Field of the Invention
The present invention relates to an integrated interface to test and debug failing memory on an Integrated circuit.
Background of the Invention
The increasing complexity on chip is inducing more defects in a System on Chip (SoC) design, which is causing an increase in the testing requirements on the chip.
The yield of SOC is directly linked to the memories on the SOC as there are around 60-70 % of the memories on the chip. Thus the memory yield is directly converted to the chip yield. A robust design and a very well controlled process can reduce the defect level in the memory, but unfortunately in the newer technologies as the gate lengths shrink the defect level goes beyond the control of process and the design as well.
Typically the interfaces which have' being used to test the memory in the current methodologies, add a lot on the input of the memory as well as they don't penetrate much inside the memory hierarchy to increase the observability.
However, the conventional memory interface circuits are additional overheads to the memory. They add some extra timing overhead as well. Further, as these interfaces are not embedded inside the memory, it adds on to the cost of plugging it with the memory and add on to the difficulty of measuring the timing defects between the system flip flops. It is therefore very difficult to predict that whether the fault is in the memory or is it at the interface.
US Patent No. 6,044,481 illustrates a conventional interface for testing memories. The interface comprises a plurality of programmable input pins and output pins besides a logic interfacing means for connecting external signals to the plurality of programmable input and output pins. The external signals are processed by the logic interfacing means and then communicated to a plurality of memory connection pins that couple up to the memory device. The logic component means is capable of being configured in
accordance with one or more memory testing methodologies including a serial built-in-self-test (BIST), a parallel built-in-self-test (BIST), a parallel test, a serial test, and a scan test. The configuring is performed by selectively interconnecting selected ones of the plurality of input pins and output pins to the external signals that drive the logic interface means in a test mode that operates in one or more memory testing methodologies or a mission mode. The invention disclosed by the aforementioned patent does not take into account area constraints for a typical System on Chip design.

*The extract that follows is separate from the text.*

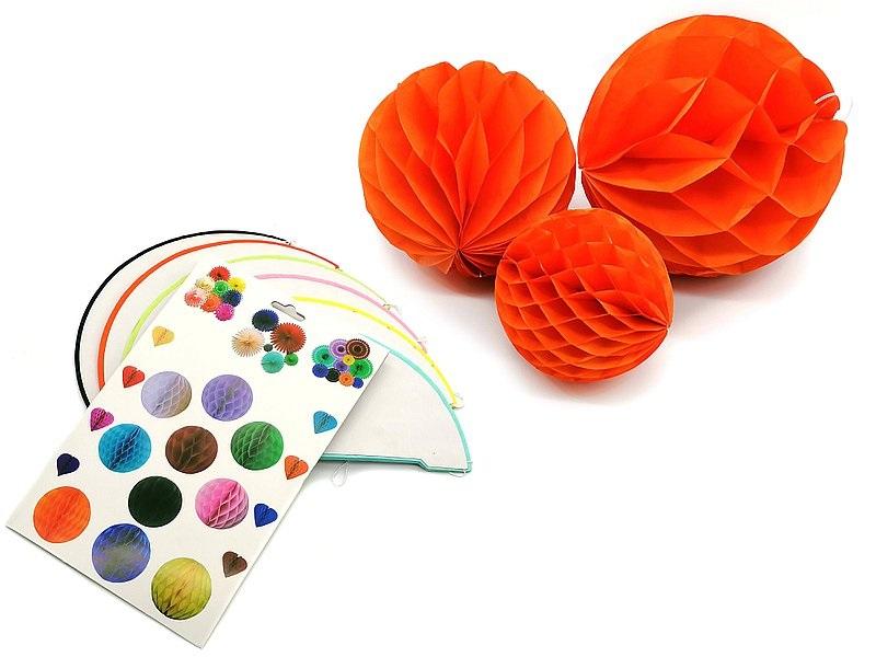 Zestaw 6 kul papierowych - girlanda, różne rozmiary: śred. 15, 20, 25cm; 27,5x18cm, PPB zestaw 10 czapeczek urodzinowych, złote i srebrne; 20x14cm, PPB

Further, the conventional interfaces, which are being used to test the memory in the current methodologies, add a lot on the input of the memory and they do not penetrate much inside the memory hierarchy to increase the observability. The memory interfaces, which have been proposed and are being used lack the following properties.
In case of multiple memory structure in a chip, it may add on to the complexity by adding multiple test interface structure.
A need is therefore felt for a minimal area and high-speed integrated scan interface for testing memories that minimizes the timing faults of the testing system.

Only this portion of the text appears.